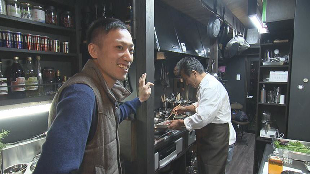 営業を終えた厨房に長男・渉さんの姿がありました。滋さんが考案した新メニューの意見を聞くためです。出来上がったのは「イノシシのハラミのウイスキーフランベ」。脂が多く、敬遠されがちな部位をあえて使いました。「脂がすごく甘い」「もっとカリカリにしたら良いかも」とのアドバイスが。渉さんは18歳の時、父・滋さんの勧めもあって料理人の道に進みました。今では、親子で極める道となっています。
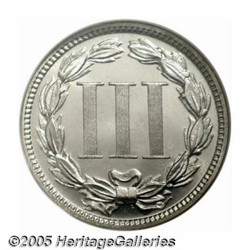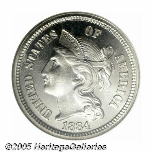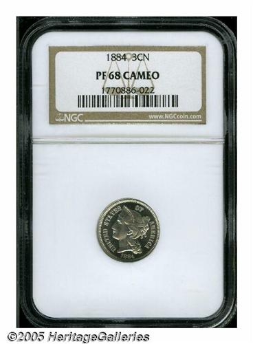 <B>1884<3CN> PR68 Cameo NGC.</B></I> Few proof Three Cent Nickel issues were produced with the care given to those struck in 1884. The location of a Cameo is not a particularly difficult task, with most tending to be Choice or better quality. The dazzling, fully brilliant specimen offered here is a cut above what is normally seen, being as nice as we have ever encountered. Population: 2 in 68 Cameo, 0 finer (4/05).<BR><I>From The Western Hills Collection.</B></I>
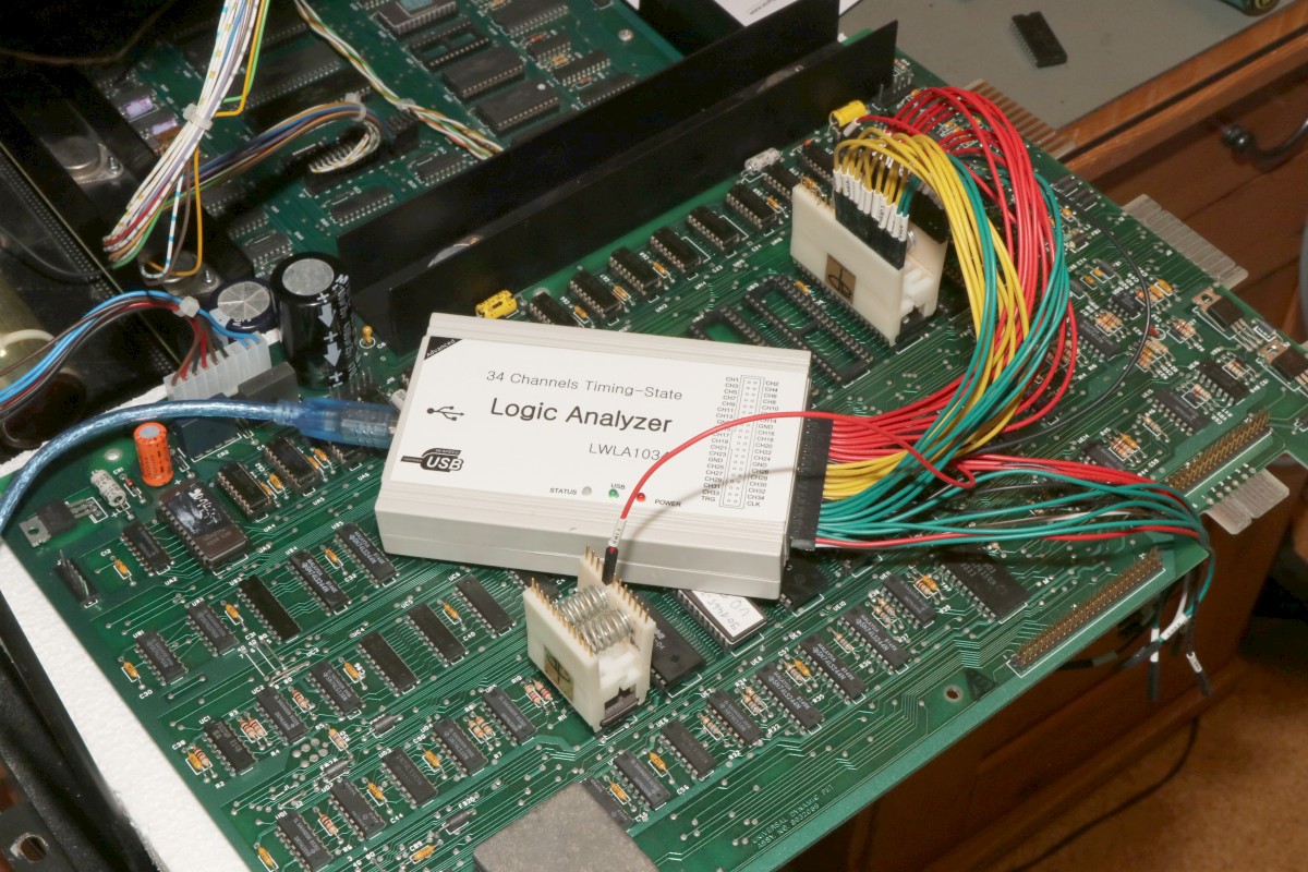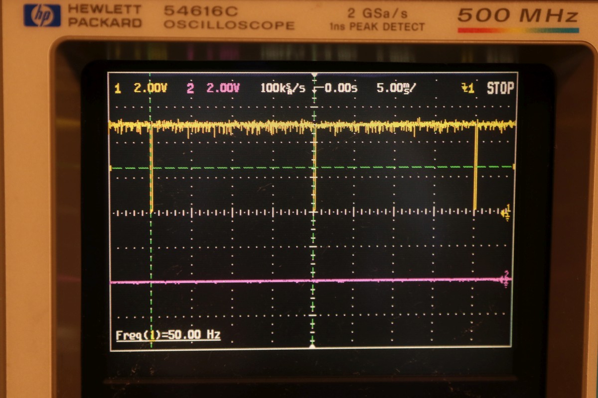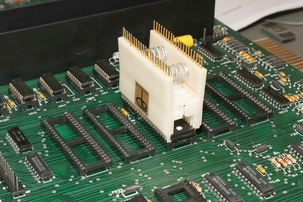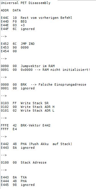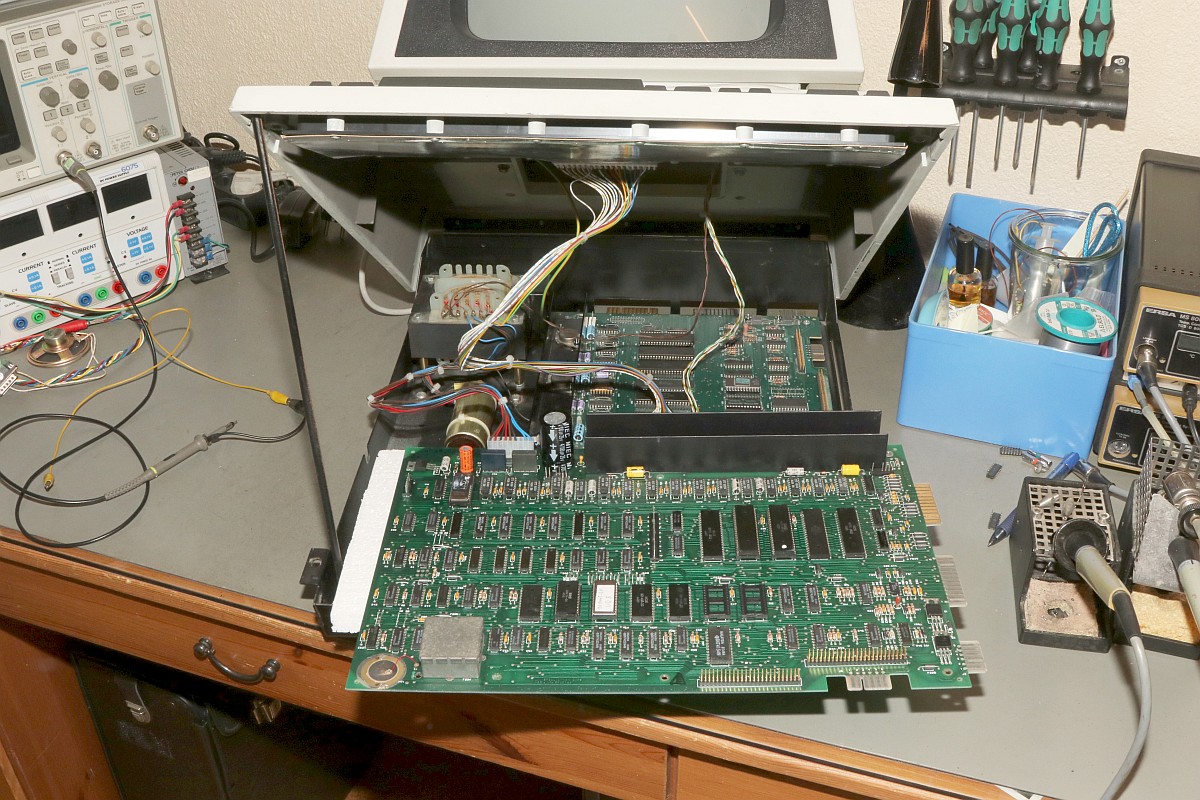 {Universal PET Motherboard} Mich erreichte eine Reparaturanfrage aus dem Altcomputerforum: ein Universal-PET-Motherboard. Die Diagnose des Besitzers wies auf sterbende 4116 hin, es ging immer weniger, am Ende ging garnichts mehr. Allerdings hatte das Teil auch bereits ersetzte defekte ROMs und einen defekten CRTC zu verzeichnen. Seltsam... Mein 8096 zeigte sich sofort bereit, als Netzteilverleiher zu fungieren. Die Diagnose wurde bestätigt. Es geht fast nix mehr auf diesem Board. Reset geht nach 1s brav auf High. Der IRQ von den Schnittstellenbausteinen ist dauernd low - nicht gut, aber den Programmablauf sollte das nicht blockieren. Trotzdem startet die CPU nur sporadisch. Der Datenbus ist nicht wirklich gut - ich teste die Datenausgänge der dynamischen RAMs... Zwei der bereits getauschten RAMs sind defekt - schlechte Idee, die defekten Teile wieder in den Sockel zu stecken. Mit "neuen" RAMs sehen die Datenpegel wieder gut aus. Bit 0 und 1 sind auch platt - ich tausche gleich beide Bänke, man kann die ja eingelötet schlecht auseinanderhalten, die Datenleitungen liegen parallel. Die Leiterplatte ist von sehr guter Qualität, Auslöten mit Entlötpistole und moderater Heißluftfönunterstützung geht prima! Neue RAMs beruhigen den Datenbus - das Programm läuft trotzdem nicht richtig an. Nur als Beispiel: so muss das IRQ#-Signal an der CPU aussehen, wenn alles gut läuft. Bei der Fehlersuche fällt mir auf, dass die ROMs nicht wirklich angesprochen werden. Es kommt kein Chip Select. Der Decoderbaustein 74154 ist völlig tot. Nach Austausch kommt endlich ein sauberes Chip Select - die CPU versucht von ROM 0xFxxx zu starten - hier liegen die Sprungvektoren für Reset , Break und Interrupt. Trotzdem: kein zuverlässiger Programmstart, keine Initialisierung. Immerhin läuft schon mal irgendwas zyklisch. Manchmal bricht es nach wenigen ms ab - manchmal bleibt das Programm in einem stabilen Zustand... Ich tausche konsequent alle RAMs in Bank 0. Das hilft auch nicht, aber mir fällt auf, dass es auf dem Datenbus nicht mit rechten Dingen zugeht! Deutlich zu sehen beim Zugriff auf ROM 0xFxxx: der Datenbus ist nicht das gesamte CS# (oberes Signal) stabil! In den letzten 500ns zwingt offensichtlich ein weiterer Busteilnehmer den Datenbus auf einen Zwischenpegel. AM ROM ligen in diesem Zeitbereich keine Pegelwechsel an. Dieser 500ns-Zeitslot wird nur vom DRAM genutzt - aber auch nicht, wenn CS# aktiv ist... Die Schnittstellenbausteine bekommen derzeit eh keine CS# Signale und müssten stillgelegt sein. Ansonsten liegen am ungebufferten Datenbus nur die ROMs, die DRAMs und zwei Bustreiber. Der Tausch eines der Bustreiber bringt keinerlei Änderung. Die DRAMs können auch nicht der Verursacher sein - wenn ich das Pärchen auf Bit 0 entferne, ändert sich nichts am Verhalten. Als letzte Möglichkeit entferne ich alle Schnittstellenbausteine. Das war sehr aufwändig - aber leider erfolglos. Der Fehler ist immer noch da. Ich fange langsam an, an meinen Fähigkeiten zu zweifeln... {Fortsetzung:} Weiter im Text: ein komplettes Abkoppeln des buffered databus hat nichts gebracht. Der Datenbus wird weiter zeitweilig doppelt verwendet. Also kann es nur was mit der CPU und dem ROM zu tun haben. Die CPU versucht auf das ROM zu schreiben. Also Fehler im Programmablauf - vermutlich schreibt die CPU Sprungadressen in das RAM und springt dann in die Prärie... Ich entferne alles Unnötige: ...und schreibe ein aufwändiges Testprogramm direkt am Hex-Editor. Die Sprungvektoren darf man natürlich auch nicht vergessen: Das Ganze in ein TMS2532 gebrannt: Und schon kann man in aller Ruhe das Verhalten der Schaltung bewundern: In diesem Fall ist Gelb das Chip select von ROM Fxxx und Lila ein Chip Select von ROM Bxxx (der vierte LDA Befehl) Die 10µS Pause oben sind der Rücksprung auf Adresse F000. Das Programm wird erweitert: Zugriffe auf die komplette I/O, den Video-RAM (hätte ich schreiben und nicht lesen sollen - so hat's keinen Effekt...) und wichtig einmal Schreiben und Lesen im DRAM. Die Chip Selects am CRTC 0xE880: Und am DRAM: Schreiben und Lesen einer logischen "1" auf Adresse 0x0000. Schreiben und Lesen einer logischen "0" auf Adresse 0x0000: Schreiben und Lesen einer logischen "0" auf Adresse 0x0000 ohne weitere Datenbusaktivität zu diesem Zeitpunkt: Jetzt kommt die nächste Eskalationsstufe - nachdem ich per Oszi keinen Hardwarefehler finden konnte: Testclips. 34-Bit Logikanalysator. Und die dazu gehörige Analysesoftware. Zuerst mein Testprogramm: alle Aktionen finden sich im Datensalat wieder. Ebenso die DRAM Schreib- und Lesezugriffe und der Rücksprung in der Programmschleife. CPU, Daten- und Adressbus und die ROMs arbeiten einwandfrei. Jetzt prüfe ich das Verhalten mit den Original-ROMs. Mein Verdacht bestätigt sich: die CPU versucht auf 0xE452 einen indirekt adressierten Sprung. Der Vektor steht im DRAM auf den Adressen 0x0090 und 0x0091. Dort stehen aber nur Nullen drin. Somit springt die CPU auf Adresse 0x0000 und findet dort den Befehl 0x00 - also BRK. Offensichtlich hat die Initialisierung der Sprungvektoren im RAM nicht geklappt - entweder sind die RAMs defekt (unwahrscheinlich, weil neu), das Schreiben in dem Adressbereich klappt nicht (Adressbus-Buffer defekt) oder die RAMs vergessen Daten (Refresh-Logik defekt). Weitere Erkenntnisse werde ich nur mit einem verbesserten Testprogramm erhalten! |

**DESCRIPTION OF THE TASK:** The material above is to be repeated word for word, with no images kept.

**RESULT OF THIS EXERCISE:**
 営業を終えた厨房に長男・渉さんの姿がありました。滋さんが考案した新メニューの意見を聞くためです。出来上がったのは「イノシシのハラミのウイスキーフランベ」。脂が多く、敬遠されがちな部位をあえて使いました。「脂がすごく甘い」「もっとカリカリにしたら良いかも」とのアドバイスが。渉さんは18歳の時、父・滋さんの勧めもあって料理人の道に進みました。今では、親子で極める道となっています。
 <B>1884<3CN> PR68 Cameo NGC.</B></I> Few proof Three Cent Nickel issues were produced with the care given to those struck in 1884. The location of a Cameo is not a particularly difficult task, with most tending to be Choice or better quality. The dazzling, fully brilliant specimen offered here is a cut above what is normally seen, being as nice as we have ever encountered. Population: 2 in 68 Cameo, 0 finer (4/05).<BR><I>From The Western Hills Collection.</B></I>
 {Universal PET Motherboard} Mich erreichte eine Reparaturanfrage aus dem Altcomputerforum: ein Universal-PET-Motherboard. Die Diagnose des Besitzers wies auf sterbende 4116 hin, es ging immer weniger, am Ende ging garnichts mehr. Allerdings hatte das Teil auch bereits ersetzte defekte ROMs und einen defekten CRTC zu verzeichnen. Seltsam... Mein 8096 zeigte sich sofort bereit, als Netzteilverleiher zu fungieren. Die Diagnose wurde bestätigt. Es geht fast nix mehr auf diesem Board. Reset geht nach 1s brav auf High. Der IRQ von den Schnittstellenbausteinen ist dauernd low - nicht gut, aber den Programmablauf sollte das nicht blockieren. Trotzdem startet die CPU nur sporadisch. Der Datenbus ist nicht wirklich gut - ich teste die Datenausgänge der dynamischen RAMs... Zwei der bereits getauschten RAMs sind defekt - schlechte Idee, die defekten Teile wieder in den Sockel zu stecken. Mit "neuen" RAMs sehen die Datenpegel wieder gut aus. Bit 0 und 1 sind auch platt - ich tausche gleich beide Bänke, man kann die ja eingelötet schlecht auseinanderhalten, die Datenleitungen liegen parallel. Die Leiterplatte ist von sehr guter Qualität, Auslöten mit Entlötpistole und moderater Heißluftfönunterstützung geht prima! Neue RAMs beruhigen den Datenbus - das Programm läuft trotzdem nicht richtig an. Nur als Beispiel: so muss das IRQ#-Signal an der CPU aussehen, wenn alles gut läuft. Bei der Fehlersuche fällt mir auf, dass die ROMs nicht wirklich angesprochen werden. Es kommt kein Chip Select. Der Decoderbaustein 74154 ist völlig tot. Nach Austausch kommt endlich ein sauberes Chip Select - die CPU versucht von ROM 0xFxxx zu starten - hier liegen die Sprungvektoren für Reset , Break und Interrupt. Trotzdem: kein zuverlässiger Programmstart, keine Initialisierung. Immerhin läuft schon mal irgendwas zyklisch. Manchmal bricht es nach wenigen ms ab - manchmal bleibt das Programm in einem stabilen Zustand... Ich tausche konsequent alle RAMs in Bank 0. Das hilft auch nicht, aber mir fällt auf, dass es auf dem Datenbus nicht mit rechten Dingen zugeht! Deutlich zu sehen beim Zugriff auf ROM 0xFxxx: der Datenbus ist nicht das gesamte CS# (oberes Signal) stabil! In den letzten 500ns zwingt offensichtlich ein weiterer Busteilnehmer den Datenbus auf einen Zwischenpegel. AM ROM ligen in diesem Zeitbereich keine Pegelwechsel an. Dieser 500ns-Zeitslot wird nur vom DRAM genutzt - aber auch nicht, wenn CS# aktiv ist... Die Schnittstellenbausteine bekommen derzeit eh keine CS# Signale und müssten stillgelegt sein. Ansonsten liegen am ungebufferten Datenbus nur die ROMs, die DRAMs und zwei Bustreiber. Der Tausch eines der Bustreiber bringt keinerlei Änderung. Die DRAMs können auch nicht der Verursacher sein - wenn ich das Pärchen auf Bit 0 entferne, ändert sich nichts am Verhalten. Als letzte Möglichkeit entferne ich alle Schnittstellenbausteine. Das war sehr aufwändig - aber leider erfolglos. Der Fehler ist immer noch da. Ich fange langsam an, an meinen Fähigkeiten zu zweifeln... {Fortsetzung:} Weiter im Text: ein komplettes Abkoppeln des buffered databus hat nichts gebracht. Der Datenbus wird weiter zeitweilig doppelt verwendet. Also kann es nur was mit der CPU und dem ROM zu tun haben. Die CPU versucht auf das ROM zu schreiben. Also Fehler im Programmablauf - vermutlich schreibt die CPU Sprungadressen in das RAM und springt dann in die Prärie... Ich entferne alles Unnötige: ...und schreibe ein aufwändiges Testprogramm direkt am Hex-Editor. Die Sprungvektoren darf man natürlich auch nicht vergessen: Das Ganze in ein TMS2532 gebrannt: Und schon kann man in aller Ruhe das Verhalten der Schaltung bewundern: In diesem Fall ist Gelb das Chip select von ROM Fxxx und Lila ein Chip Select von ROM Bxxx (der vierte LDA Befehl) Die 10µS Pause oben sind der Rücksprung auf Adresse F000. Das Programm wird erweitert: Zugriffe auf die komplette I/O, den Video-RAM (hätte ich schreiben und nicht lesen sollen - so hat's keinen Effekt...) und wichtig einmal Schreiben und Lesen im DRAM. Die Chip Selects am CRTC 0xE880: Und am DRAM: Schreiben und Lesen einer logischen "1" auf Adresse 0x0000. Schreiben und Lesen einer logischen "0" auf Adresse 0x0000: Schreiben und Lesen einer logischen "0" auf Adresse 0x0000 ohne weitere Datenbusaktivität zu diesem Zeitpunkt: Jetzt kommt die nächste Eskalationsstufe - nachdem ich per Oszi keinen Hardwarefehler finden konnte: Testclips. 34-Bit Logikanalysator. Und die dazu gehörige Analysesoftware. Zuerst mein Testprogramm: alle Aktionen finden sich im Datensalat wieder. Ebenso die DRAM Schreib- und Lesezugriffe und der Rücksprung in der Programmschleife. CPU, Daten- und Adressbus und die ROMs arbeiten einwandfrei. Jetzt prüfe ich das Verhalten mit den Original-ROMs. Mein Verdacht bestätigt sich: die CPU versucht auf 0xE452 einen indirekt adressierten Sprung. Der Vektor steht im DRAM auf den Adressen 0x0090 und 0x0091. Dort stehen aber nur Nullen drin. Somit springt die CPU auf Adresse 0x0000 und findet dort den Befehl 0x00 - also BRK. Offensichtlich hat die Initialisierung der Sprungvektoren im RAM nicht geklappt - entweder sind die RAMs defekt (unwahrscheinlich, weil neu), das Schreiben in dem Adressbereich klappt nicht (Adressbus-Buffer defekt) oder die RAMs vergessen Daten (Refresh-Logik defekt). Weitere Erkenntnisse werde ich nur mit einem verbesserten Testprogramm erhalten! |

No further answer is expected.